Collected data entries:
* * *
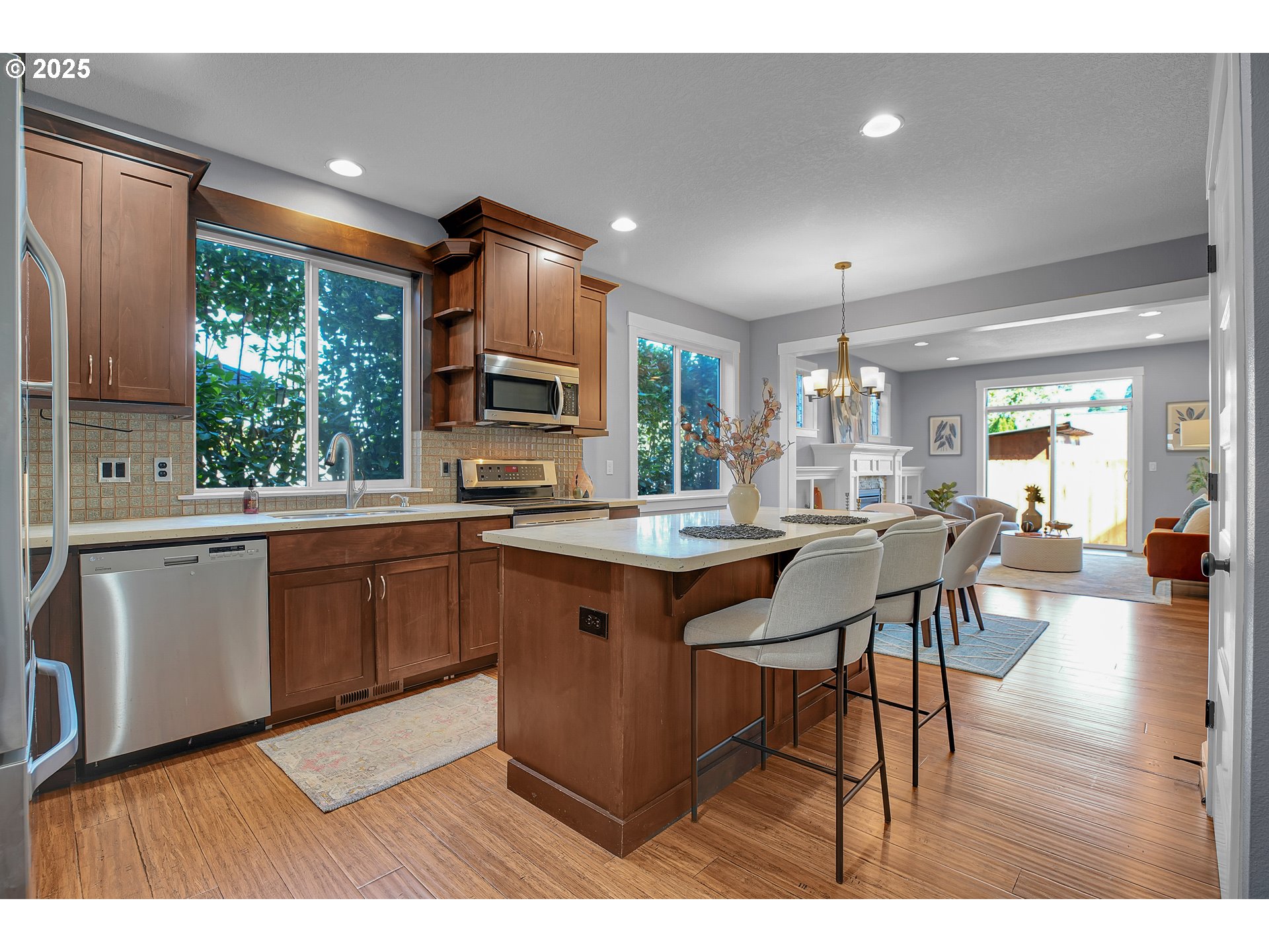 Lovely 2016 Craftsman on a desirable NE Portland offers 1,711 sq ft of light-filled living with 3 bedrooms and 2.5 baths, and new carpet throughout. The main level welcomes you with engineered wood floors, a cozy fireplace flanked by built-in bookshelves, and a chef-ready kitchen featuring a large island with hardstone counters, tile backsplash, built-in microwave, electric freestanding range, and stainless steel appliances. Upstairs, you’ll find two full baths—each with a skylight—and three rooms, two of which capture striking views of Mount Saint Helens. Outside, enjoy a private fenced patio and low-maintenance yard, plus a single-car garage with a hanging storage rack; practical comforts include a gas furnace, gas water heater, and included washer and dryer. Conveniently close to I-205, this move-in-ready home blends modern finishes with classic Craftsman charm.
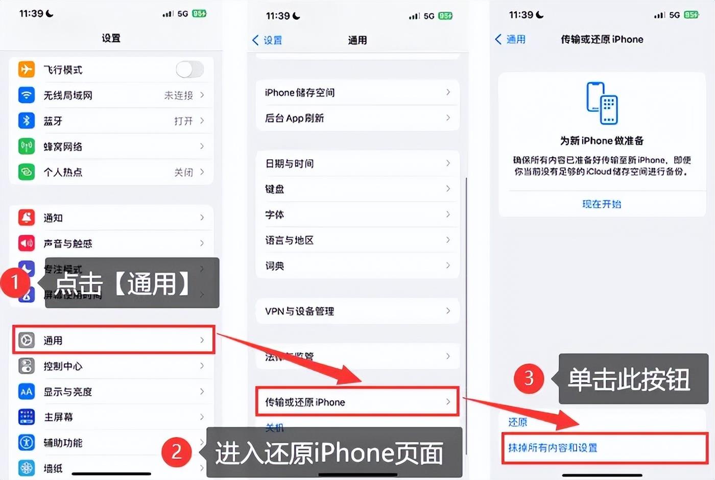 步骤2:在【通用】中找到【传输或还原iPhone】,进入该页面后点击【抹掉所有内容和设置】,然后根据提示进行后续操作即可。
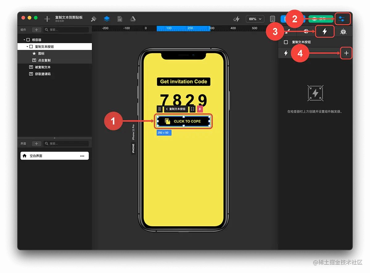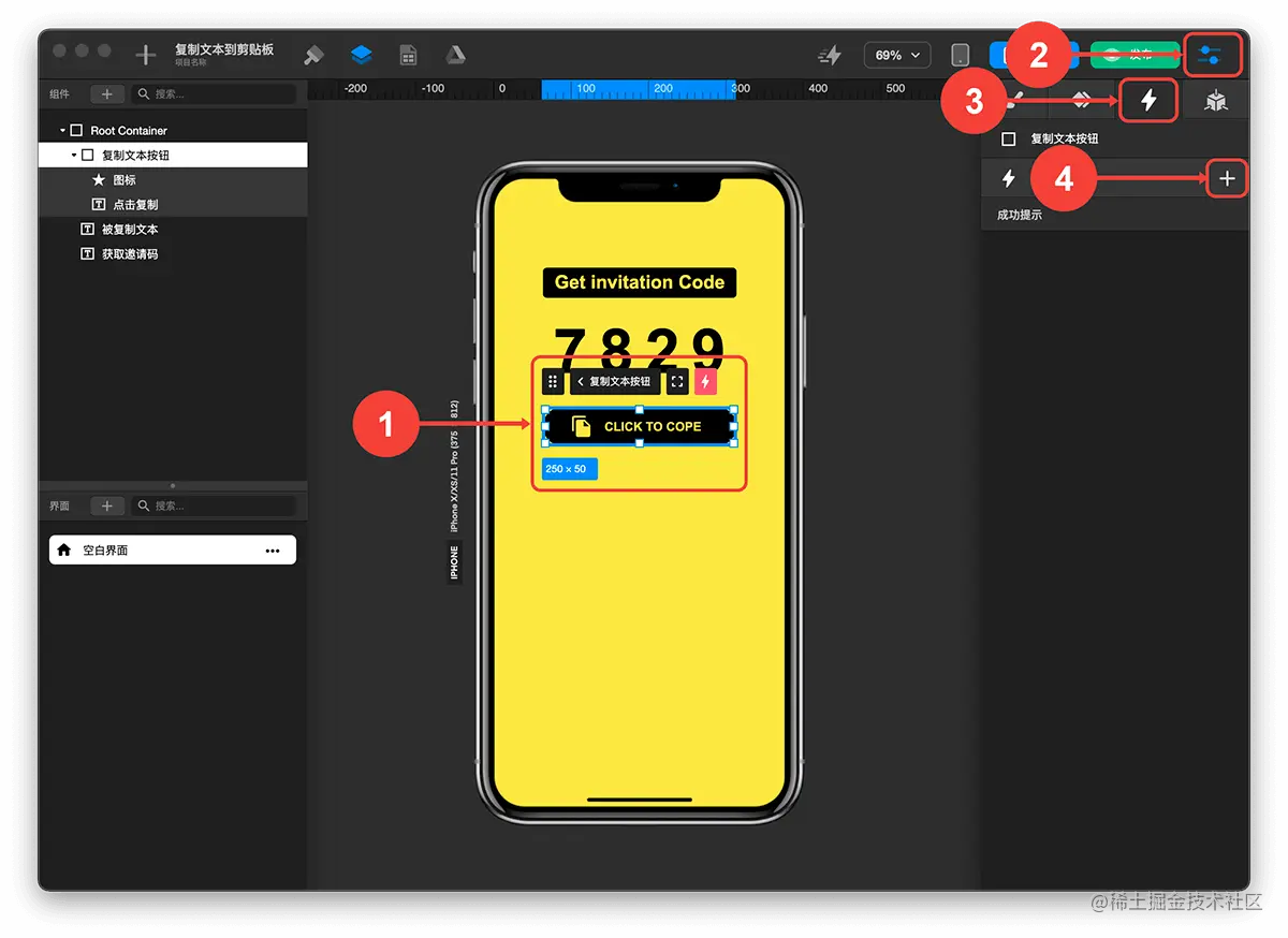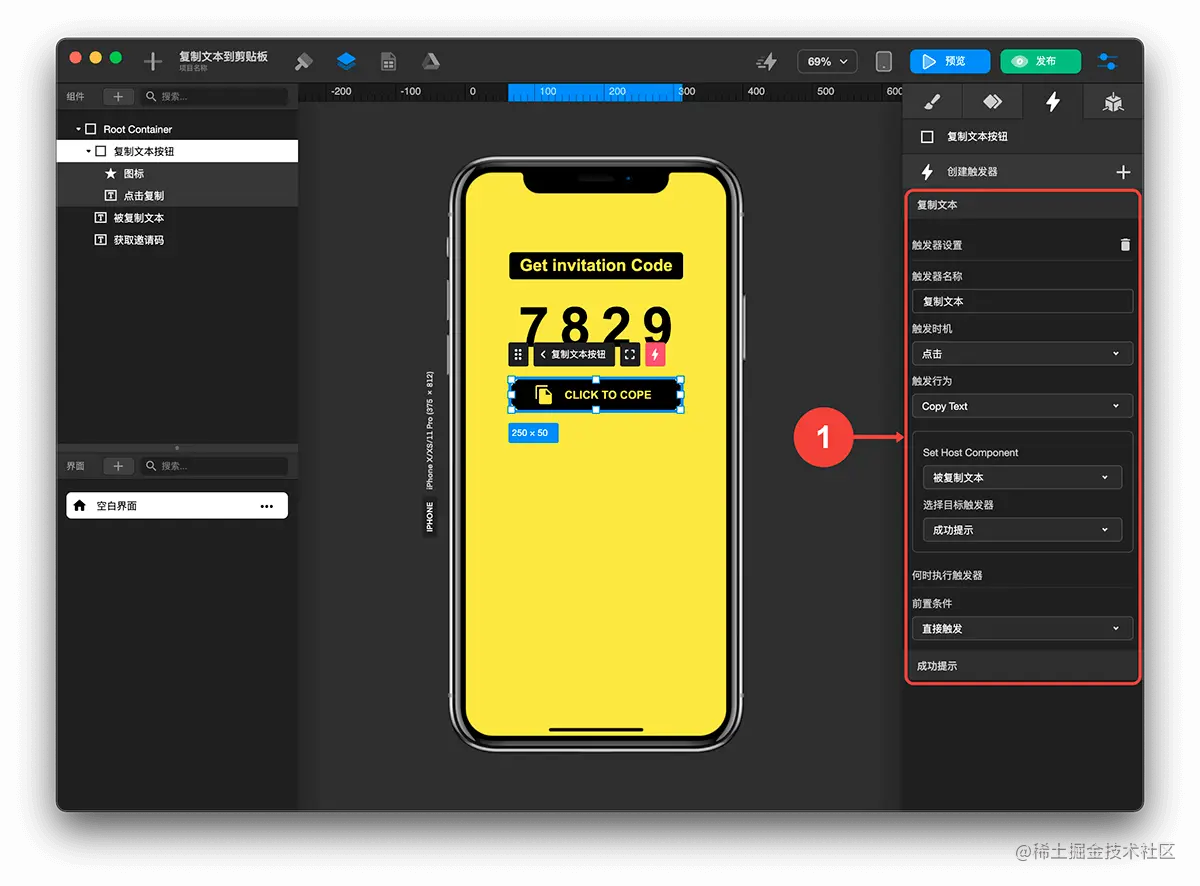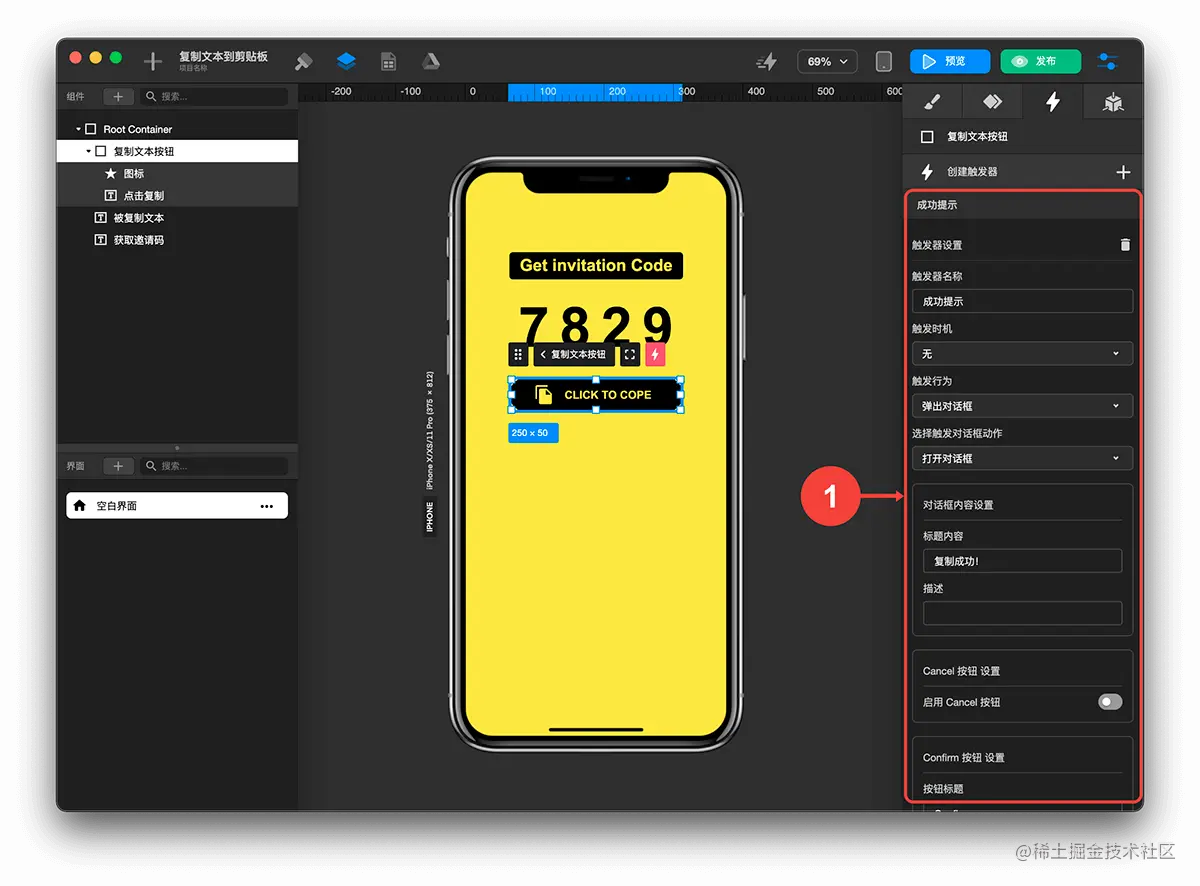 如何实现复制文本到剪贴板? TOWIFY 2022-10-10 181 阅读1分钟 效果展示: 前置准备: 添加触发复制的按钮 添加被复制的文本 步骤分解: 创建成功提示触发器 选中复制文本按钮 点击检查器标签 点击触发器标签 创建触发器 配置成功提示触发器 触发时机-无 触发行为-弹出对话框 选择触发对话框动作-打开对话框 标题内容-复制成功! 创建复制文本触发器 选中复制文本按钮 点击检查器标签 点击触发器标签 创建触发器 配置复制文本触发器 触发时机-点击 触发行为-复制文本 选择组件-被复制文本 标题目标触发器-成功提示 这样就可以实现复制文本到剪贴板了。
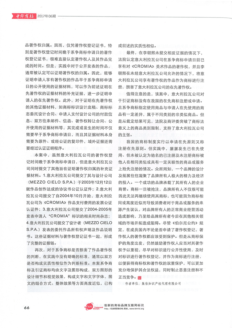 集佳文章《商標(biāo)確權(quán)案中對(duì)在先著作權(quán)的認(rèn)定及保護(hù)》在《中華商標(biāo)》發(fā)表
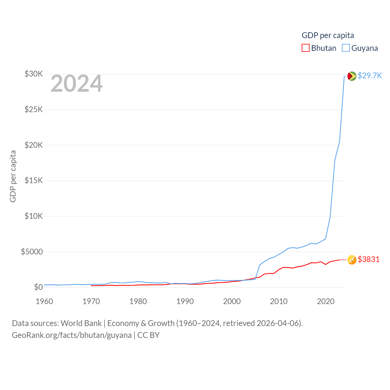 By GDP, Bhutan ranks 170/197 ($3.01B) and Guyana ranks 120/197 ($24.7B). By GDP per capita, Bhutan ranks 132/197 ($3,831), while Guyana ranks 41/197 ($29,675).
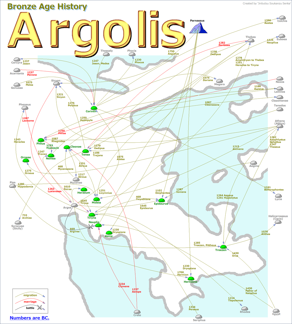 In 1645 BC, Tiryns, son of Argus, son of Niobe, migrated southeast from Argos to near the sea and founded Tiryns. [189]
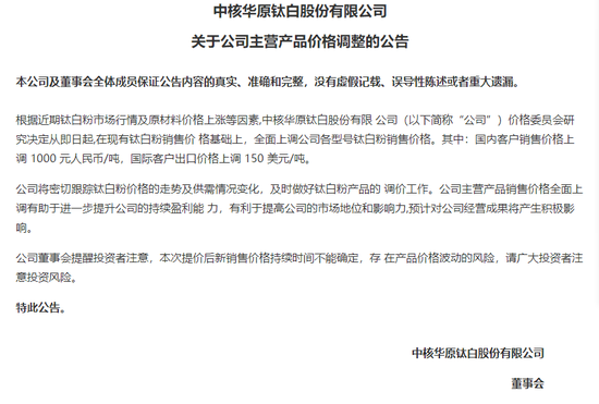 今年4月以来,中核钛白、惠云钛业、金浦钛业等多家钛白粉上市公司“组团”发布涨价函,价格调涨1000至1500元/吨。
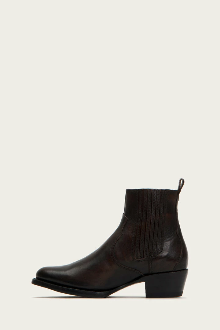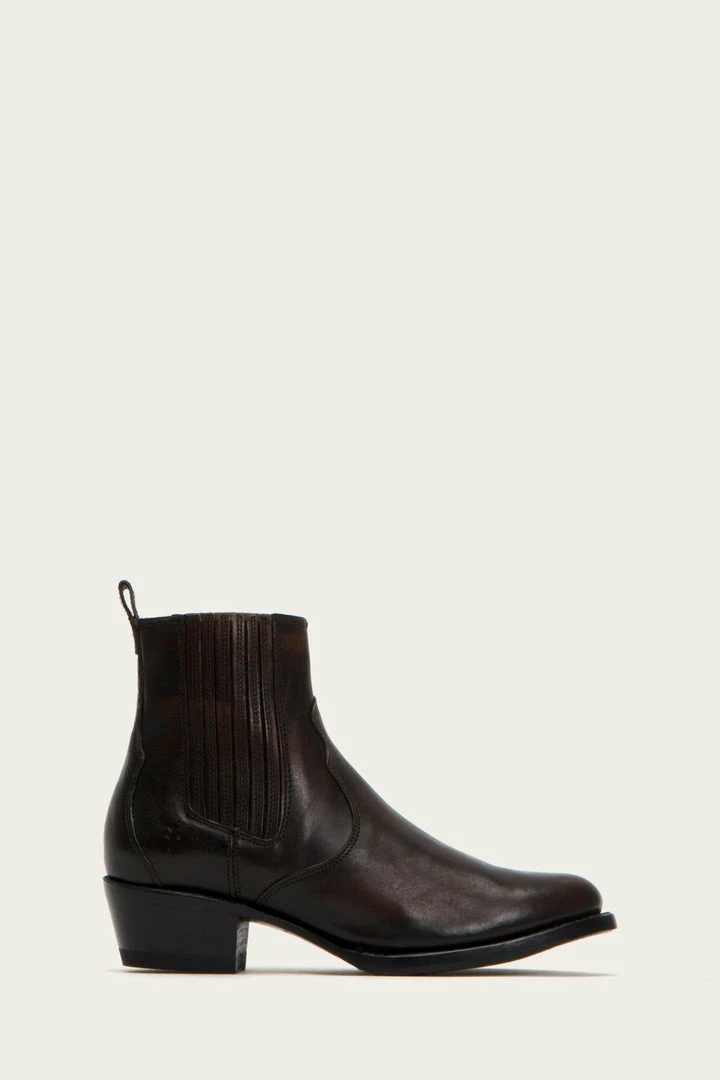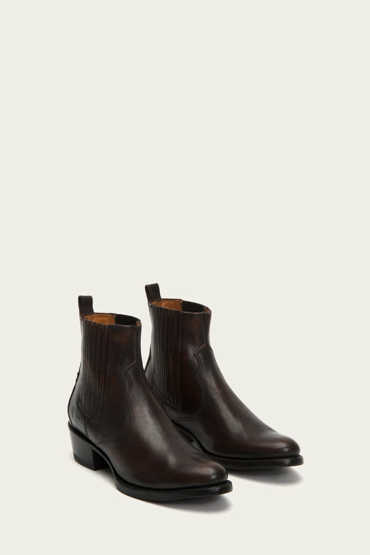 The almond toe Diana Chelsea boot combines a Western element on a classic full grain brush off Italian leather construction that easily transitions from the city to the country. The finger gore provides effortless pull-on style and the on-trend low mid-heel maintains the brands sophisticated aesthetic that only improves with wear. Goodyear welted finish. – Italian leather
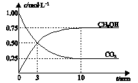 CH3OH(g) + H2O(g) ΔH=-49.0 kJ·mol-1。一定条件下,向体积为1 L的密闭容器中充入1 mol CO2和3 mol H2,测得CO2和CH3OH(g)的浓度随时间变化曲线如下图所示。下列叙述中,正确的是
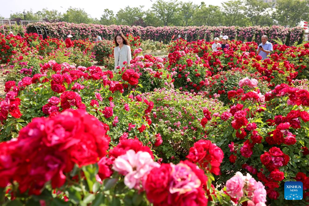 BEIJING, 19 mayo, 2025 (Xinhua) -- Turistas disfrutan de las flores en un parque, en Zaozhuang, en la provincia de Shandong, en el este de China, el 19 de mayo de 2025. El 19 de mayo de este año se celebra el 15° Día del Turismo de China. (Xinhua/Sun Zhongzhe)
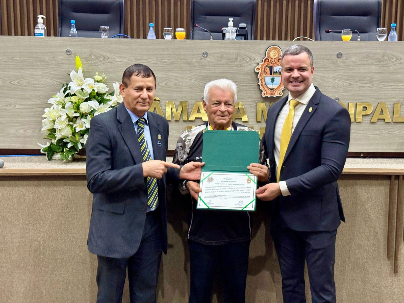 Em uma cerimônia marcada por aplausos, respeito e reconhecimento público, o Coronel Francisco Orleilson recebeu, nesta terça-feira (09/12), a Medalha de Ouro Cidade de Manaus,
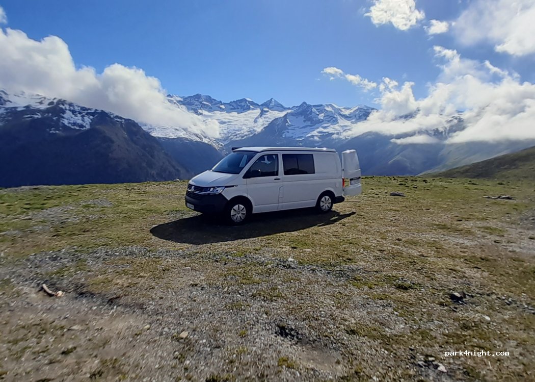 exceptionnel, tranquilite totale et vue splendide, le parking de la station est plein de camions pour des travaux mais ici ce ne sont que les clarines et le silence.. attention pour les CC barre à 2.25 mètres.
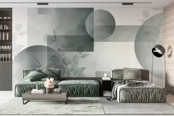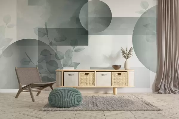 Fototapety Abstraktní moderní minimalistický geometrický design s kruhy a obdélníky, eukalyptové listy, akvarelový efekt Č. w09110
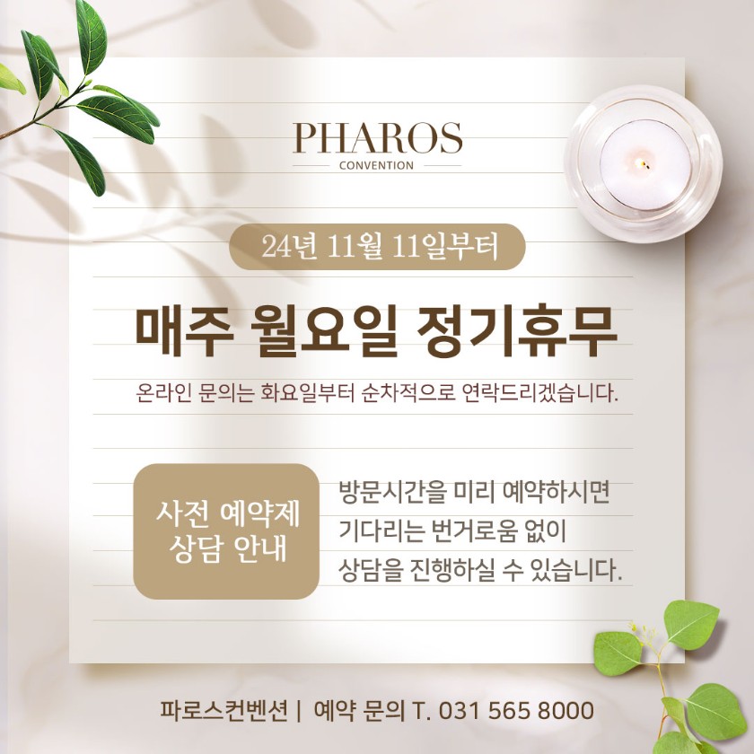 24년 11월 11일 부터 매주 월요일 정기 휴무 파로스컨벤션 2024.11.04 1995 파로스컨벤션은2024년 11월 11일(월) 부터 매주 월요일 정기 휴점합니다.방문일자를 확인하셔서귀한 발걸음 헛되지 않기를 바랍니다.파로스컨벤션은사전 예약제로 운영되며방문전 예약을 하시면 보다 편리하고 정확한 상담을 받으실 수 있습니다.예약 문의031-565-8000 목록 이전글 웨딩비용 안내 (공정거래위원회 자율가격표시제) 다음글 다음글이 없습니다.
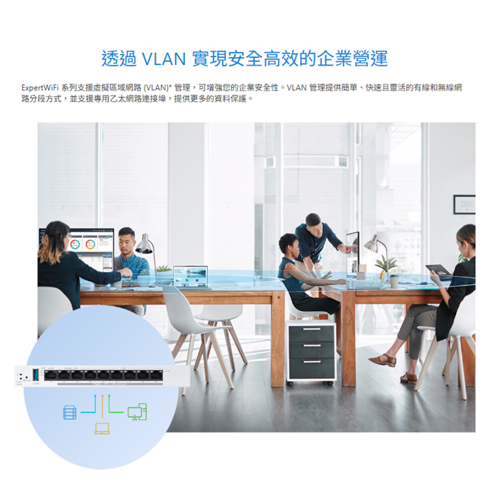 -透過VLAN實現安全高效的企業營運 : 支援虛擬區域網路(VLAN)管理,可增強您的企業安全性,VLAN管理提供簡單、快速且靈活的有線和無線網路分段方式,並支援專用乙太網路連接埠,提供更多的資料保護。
* * *
**TASK DESCRIPTION:**
Restate word for word every line from the one with "如何实现复制文本到剪贴板? TOWIFY 2022-10-10" up to and including the one with "BEIJING, 19 mayo, 2025" in the records above, minus the pictures.

**YOUR RESPONSE:**
 如何实现复制文本到剪贴板? TOWIFY 2022-10-10 181 阅读1分钟 效果展示: 前置准备: 添加触发复制的按钮 添加被复制的文本 步骤分解: 创建成功提示触发器 选中复制文本按钮 点击检查器标签 点击触发器标签 创建触发器 配置成功提示触发器 触发时机-无 触发行为-弹出对话框 选择触发对话框动作-打开对话框 标题内容-复制成功! 创建复制文本触发器 选中复制文本按钮 点击检查器标签 点击触发器标签 创建触发器 配置复制文本触发器 触发时机-点击 触发行为-复制文本 选择组件-被复制文本 标题目标触发器-成功提示 这样就可以实现复制文本到剪贴板了。
 集佳文章《商標(biāo)確權(quán)案中對(duì)在先著作權(quán)的認(rèn)定及保護(hù)》在《中華商標(biāo)》發(fā)表
 By GDP, Bhutan ranks 170/197 ($3.01B) and Guyana ranks 120/197 ($24.7B). By GDP per capita, Bhutan ranks 132/197 ($3,831), while Guyana ranks 41/197 ($29,675).
 In 1645 BC, Tiryns, son of Argus, son of Niobe, migrated southeast from Argos to near the sea and founded Tiryns. [189]
 今年4月以来,中核钛白、惠云钛业、金浦钛业等多家钛白粉上市公司“组团”发布涨价函,价格调涨1000至1500元/吨。
 The almond toe Diana Chelsea boot combines a Western element on a classic full grain brush off Italian leather construction that easily transitions from the city to the country. The finger gore provides effortless pull-on style and the on-trend low mid-heel maintains the brands sophisticated aesthetic that only improves with wear. Goodyear welted finish. – Italian leather
 CH3OH(g) + H2O(g) ΔH=-49.0 kJ·mol-1。一定条件下,向体积为1 L的密闭容器中充入1 mol CO2和3 mol H2,测得CO2和CH3OH(g)的浓度随时间变化曲线如下图所示。下列叙述中,正确的是
 BEIJING, 19 mayo, 2025 (Xinhua) -- Turistas disfrutan de las flores en un parque, en Zaozhuang, en la provincia de Shandong, en el este de China, el 19 de mayo de 2025. El 19 de mayo de este año se celebra el 15° Día del Turismo de China. (Xinhua/Sun Zhongzhe)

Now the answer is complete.